• Your task: The pictures in the listing below are to be skipped, while the lines between the line holding "In this webinar, the" and the line holding "JUNIORが出席した。 イ・デドク記者 朝鮮日報日本語版", inclusive, are to be output exactly.

** Opening Stored data block **

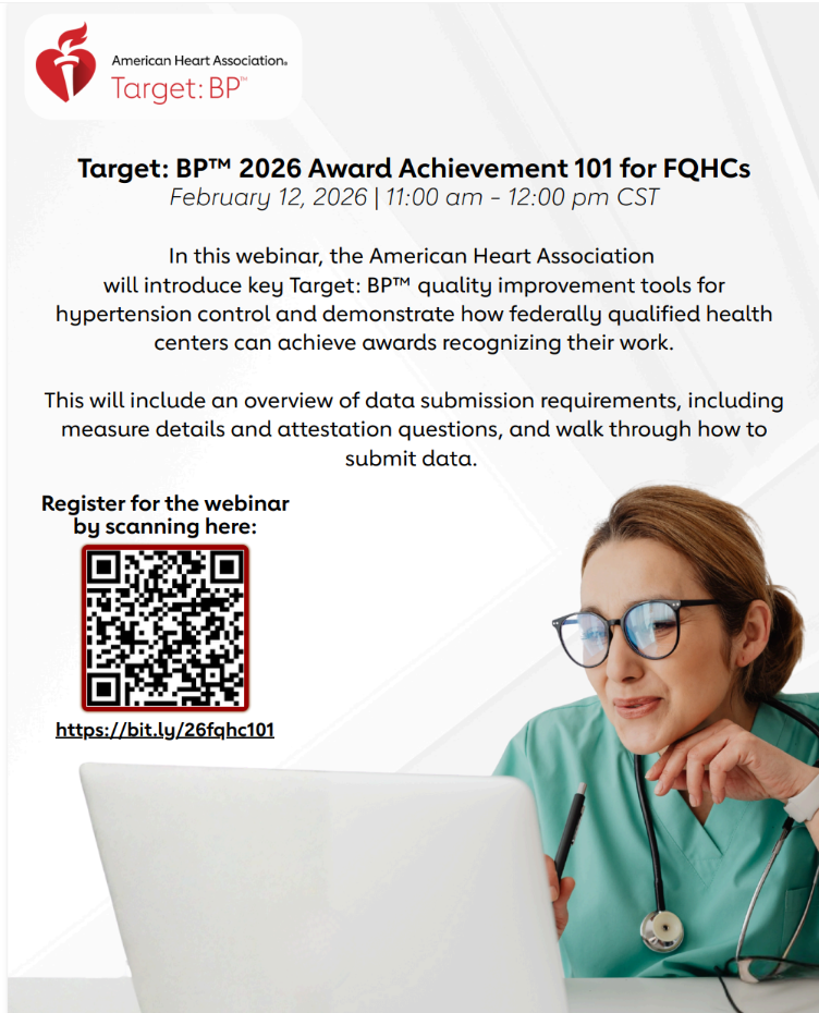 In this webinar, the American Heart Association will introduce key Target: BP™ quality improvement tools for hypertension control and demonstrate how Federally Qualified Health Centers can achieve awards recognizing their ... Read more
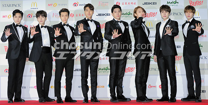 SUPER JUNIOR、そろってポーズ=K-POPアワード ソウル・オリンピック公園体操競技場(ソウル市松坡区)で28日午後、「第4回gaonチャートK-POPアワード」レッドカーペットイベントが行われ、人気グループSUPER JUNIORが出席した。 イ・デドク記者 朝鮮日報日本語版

** Closing Stored data block **
** Opening Stored data block **

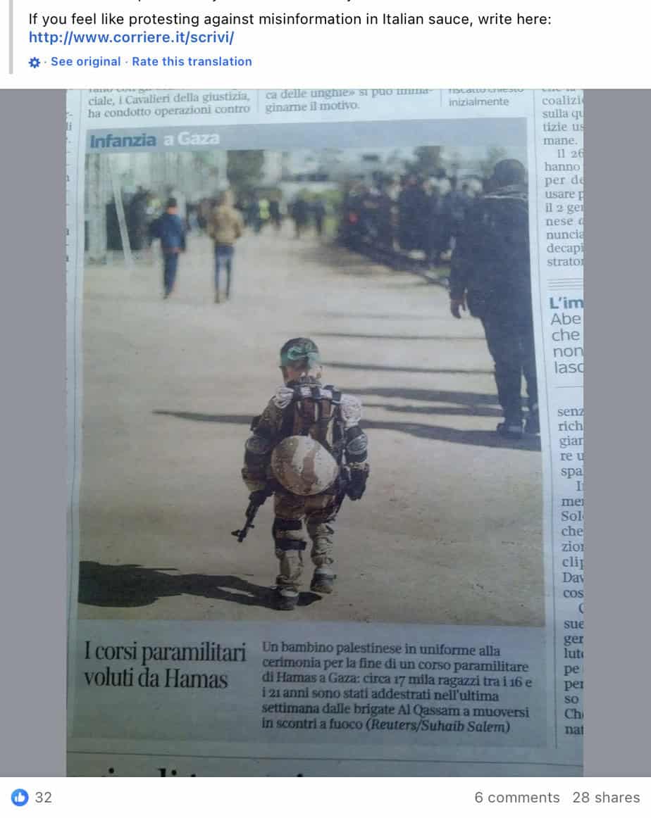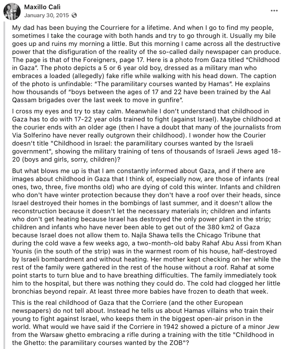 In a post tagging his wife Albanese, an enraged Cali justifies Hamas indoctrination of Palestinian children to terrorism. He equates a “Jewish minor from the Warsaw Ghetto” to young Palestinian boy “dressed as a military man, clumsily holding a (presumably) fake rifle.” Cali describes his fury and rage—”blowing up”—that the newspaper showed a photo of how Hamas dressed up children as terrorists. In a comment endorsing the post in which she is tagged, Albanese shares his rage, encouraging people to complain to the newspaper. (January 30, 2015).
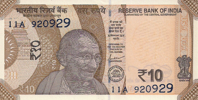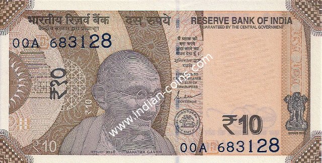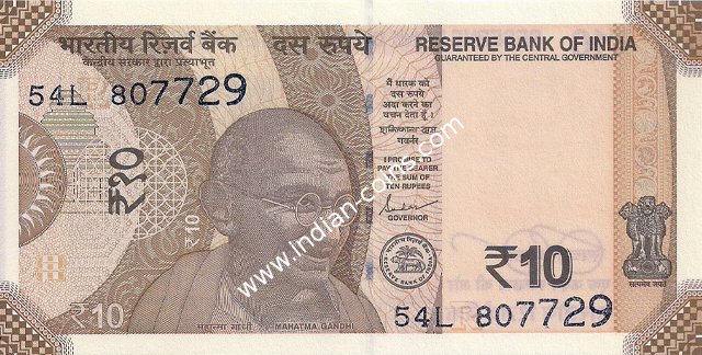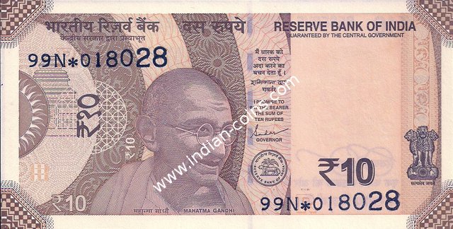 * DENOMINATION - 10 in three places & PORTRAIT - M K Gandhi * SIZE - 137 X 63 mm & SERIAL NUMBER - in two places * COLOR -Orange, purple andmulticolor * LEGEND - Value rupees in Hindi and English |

** Closing Stored data block **

• Solution below:
 In this webinar, the American Heart Association will introduce key Target: BP™ quality improvement tools for hypertension control and demonstrate how Federally Qualified Health Centers can achieve awards recognizing their ... Read more
 SUPER JUNIOR、そろってポーズ=K-POPアワード ソウル・オリンピック公園体操競技場(ソウル市松坡区)で28日午後、「第4回gaonチャートK-POPアワード」レッドカーペットイベントが行われ、人気グループSUPER JUNIORが出席した。 イ・デドク記者 朝鮮日報日本語版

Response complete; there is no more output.